▶ [INPUT DATA]

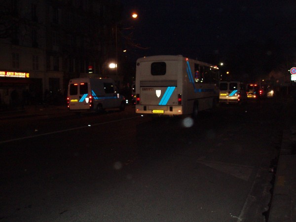 After an hour or so you could tell something was building up. A group of people went a short way down one of the many streets and it was on. Stuff being thrown at the police who were all dressed up in riot gear - helmets, big sticks, shields, and body armour on their shoulders, arms & legs. Then came the flares, and a car got turned over and set alight. Shop widows started to be smashed. It was on. I was standing on a hill about 200-300 metres away. Most of the people there were just watching and the troublemakers were only a small group (about 100-200 people).
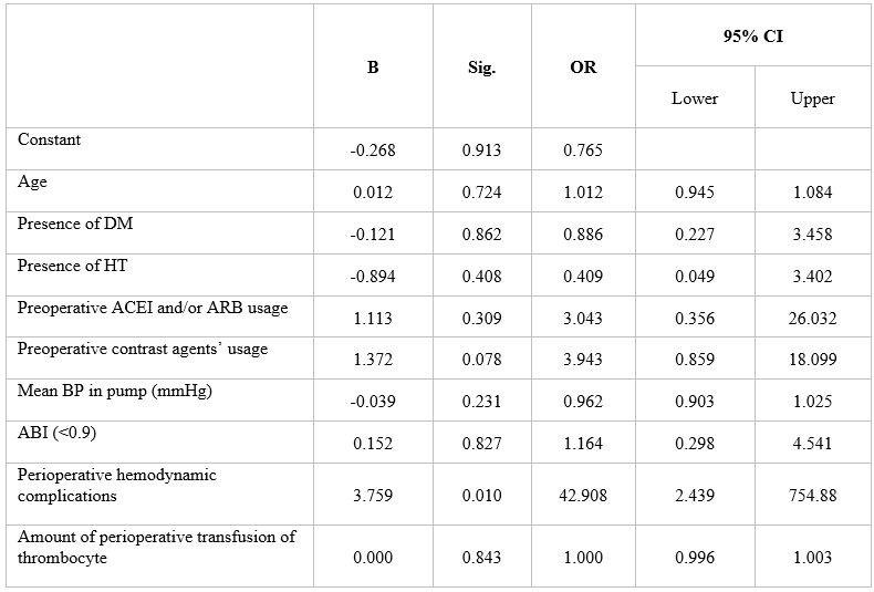 Our multivariate analysis model created for the analysis of factors determining AKI development was created (Table 4). ABI value (abnormal: <0.9 or normal >0.9) was also added to this model. In this model, only perioperative complication development was found to be related to postoperative AKI. ABI value was not significant.
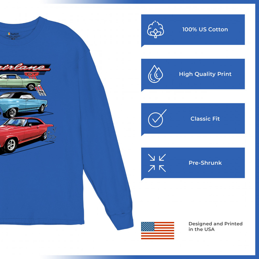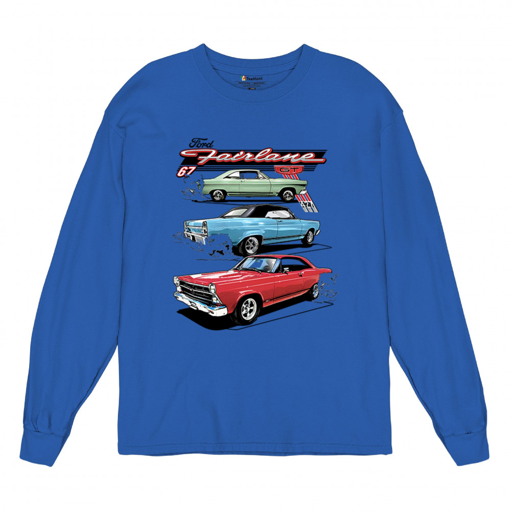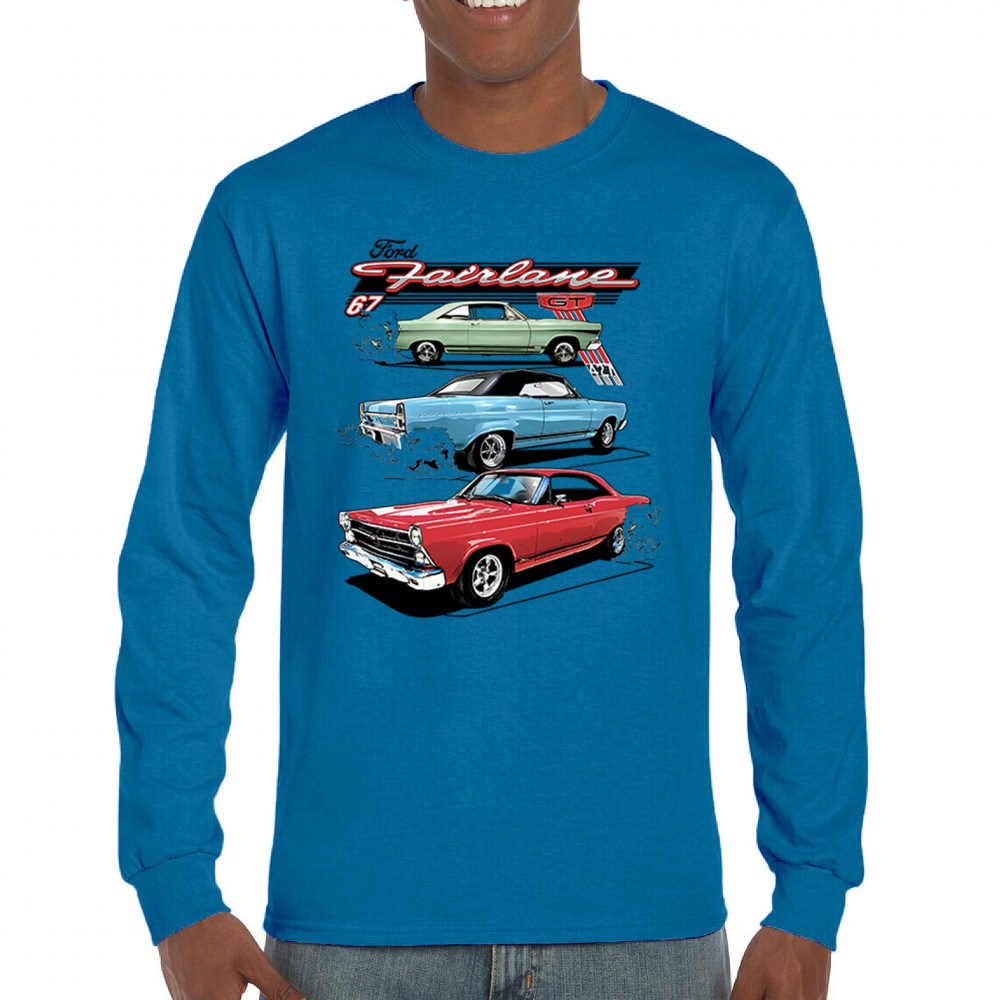 Celebrate the raw power of the 1967 Ford Fairlane GT with this burnout-charged design. Featuring three muscle cars in retro detail, it's made for vintage Ford collectors, classic car fans, and V8 enthusiasts. Whether you're heading to a show or wrenching in the garage, this design brings the roar of the 60s.
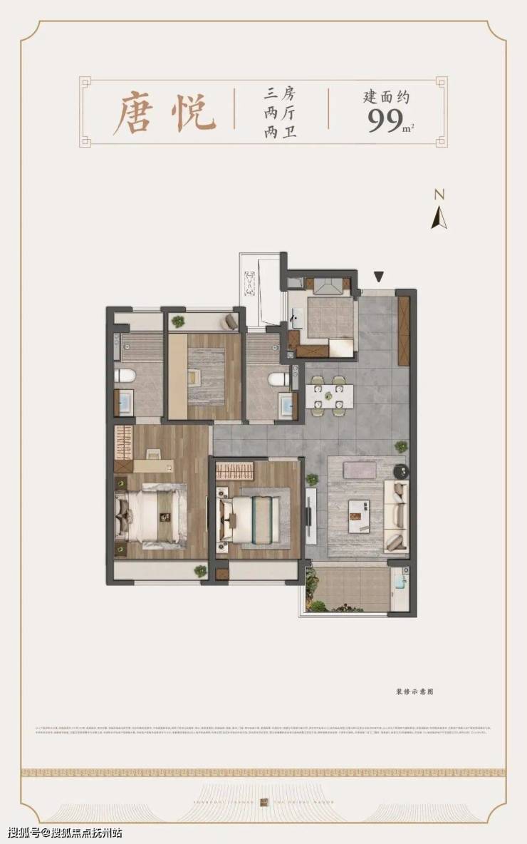 约99㎡3房2卫,汇聚了市面上优秀户型应该有的大多数特质。

▶ [WHAT THE TASK ASKS] Where a picture appears, skip it and copy the rest of the data word for word.

▶ [RESPONSE TO THE EXERCISE]
 After an hour or so you could tell something was building up. A group of people went a short way down one of the many streets and it was on. Stuff being thrown at the police who were all dressed up in riot gear - helmets, big sticks, shields, and body armour on their shoulders, arms & legs. Then came the flares, and a car got turned over and set alight. Shop widows started to be smashed. It was on. I was standing on a hill about 200-300 metres away. Most of the people there were just watching and the troublemakers were only a small group (about 100-200 people).
 Our multivariate analysis model created for the analysis of factors determining AKI development was created (Table 4). ABI value (abnormal: <0.9 or normal >0.9) was also added to this model. In this model, only perioperative complication development was found to be related to postoperative AKI. ABI value was not significant.
 Celebrate the raw power of the 1967 Ford Fairlane GT with this burnout-charged design. Featuring three muscle cars in retro detail, it's made for vintage Ford collectors, classic car fans, and V8 enthusiasts. Whether you're heading to a show or wrenching in the garage, this design brings the roar of the 60s.
 约99㎡3房2卫,汇聚了市面上优秀户型应该有的大多数特质。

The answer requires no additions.